# Raney’s Lemma

Raney’s Lemma: Given an integer sequence $(a_0, a_1, \dots, a_{m-1})$ whose sum equals unity, there exists a unique $j$ such that every partial sum of the sequence $(a_j, a_{j+1}, \dots, a_{j+m-1})$ is positive, indicies being computed $\mod m$.

The standard proof for this fact is geometric. It starts by extending the above sequence to an infinite periodic sequence, $b_n$, for all non-negative integers such that $b_p = a_q$, whenever $p \equiv q \mod m$. Since the new sequence of partial sums obeys $s_{km+n}=k+s_n$, where $0 \le n < m$, the plot of $s_n$ for $n \ge 0$ has an average slope of $\frac{1}{m}$. In fact, the sequence $s_n$ can be completely contained within two lines of slope $\frac{1}{m}$. But lines of slope $\frac{1}{m}$ meet integer points only once every $m$ units. Thus, the lower line meets the integer partial sum sequence exactly once in the canonical period $0 \le n < m$, which is the required point $(j, s_j)$.

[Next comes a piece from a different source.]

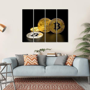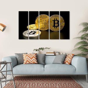 This captivating artwork features a close-up of bitcoin coins in a sleek palette of gold, silver, and black. The modern vibe evokes a sense of wealth and financial prosperity, making it a striking addition to your wall decor.

The above lemma, sometimes also called the Cycle Lemma, immediately solves the following problem: How many sequences of length $2n+1$ consisting only of $+1$s and $-1$s and summing to unity have all positive partial sums? A straightforward generalization of the above enumeration problem asks us to count the number of $m$-Raney sequences: How many sequences of length $mn+1$ consisting only of $+1$s and $(1-m)$s and summing to unity have all positive partial sums?

qchu uses Raney’s Lemma to find the number of $k$-ary trees with $n$ nodes, making use of a bijection with $k$-Raney sequences of length $kn + 1$.